Arianna Huffington was a Republican for years. I was a registered Libertarian. Now we're both Democrats. I can't speak for Arianna, but I don't think the extreme polarization we're seeing in politics is good for our country.

Regarding the Fox non-debate

For what it's worth, I didn't agree with the Democratic boycott of the Fox debate. Democratic candidates and spokespeople still go on Fox all the time, and the way to combat bad speech is with more good speech, not less.

As for Marc Cooper, I think he's going to be pretty even-handed in his coverage of both sides. He's an independent thinker, not a "pundit on the left" who puts "ideology above partisanship."

To be sure, as Patrick points out with his snapshot of what stories Off the Bus is headlining at the moment, it doesn't look all that even-handed. But I don't think they have to strive for some kind of objective, mythical balance in their coverage. I thought we all finally agreed to admit that everyone brings their biases to their writing and the solution is to be open and trust readers to be intelligent enough to factor that in.

Coverage by Democrats for Democrats

But I don't think they have to strive for some kind of objective, mythical balance in their coverage. I thought we all finally agreed to admit that everyone brings their biases to their writing and the solution is to be open and trust readers to be intelligent enough to factor that in.

Here, here.

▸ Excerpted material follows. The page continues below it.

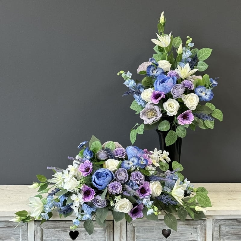 Komplet dekoracji nagrobnych składających się z kompozycji do położenia na płytę nagrobkową oraz bukietu umocowanego we wkładzie do wazonu.

I'm there when it comes to being transparent about biases.

But here's the thing. It would be one thing if liberal OffTheBus correspondents went to Republican events and trashed them. I could deal with that. But they aren't even trying to go off the beaten path. It's coverage for the Democratic cocoon.

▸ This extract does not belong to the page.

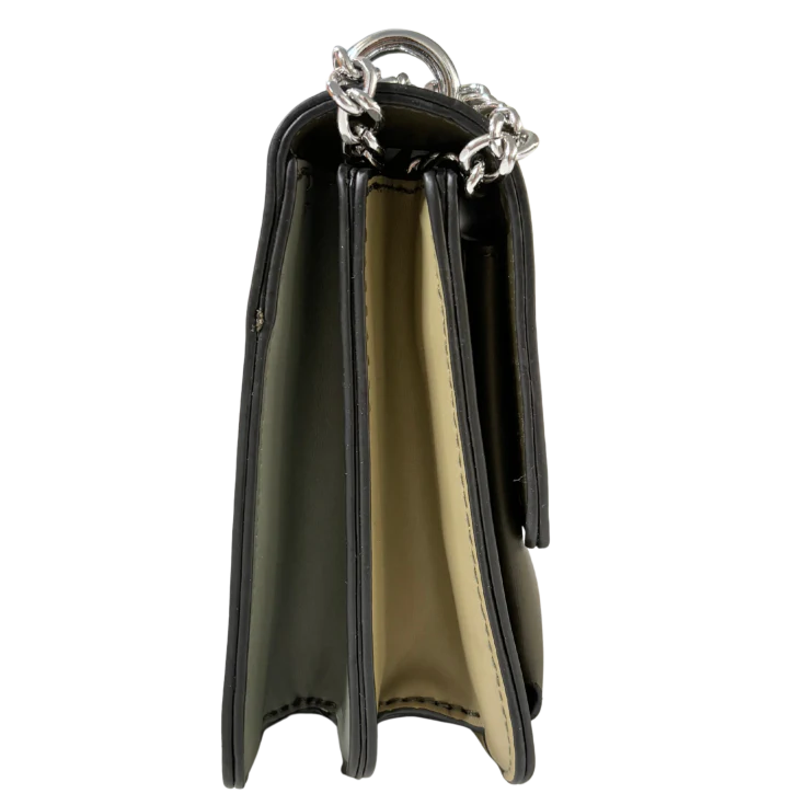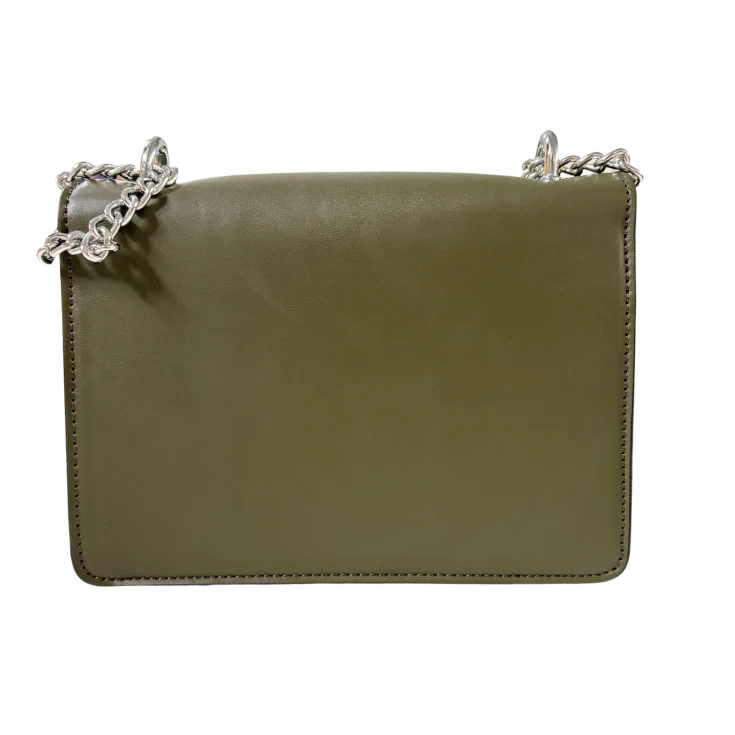 Al tacto, su superficie es suave y firme, transmitiendo sensación de calidad y durabilidad. El contraste entre el verde kaki y el brillo frío de la cadena metálica crea una experiencia visual equilibrada, moderna y sofisticada.

OffTheBus supporters like Jay Rosen, you and others have presented it as a bi-partisan or multi-partisan (but not non-partisan) solution to campaign coverage. When we raised this issue the first time, they said we shouldn't worry because it's an open platform. Well, the actual work product so far vindicates those concerns. I don't think that Zack et al. have purposely shut out conservatives, but the presence of three liberals and zero conservatives at the helm (not to mention Arianna's sponsorship) sends a pretty clear signal to would-be conservative contributors.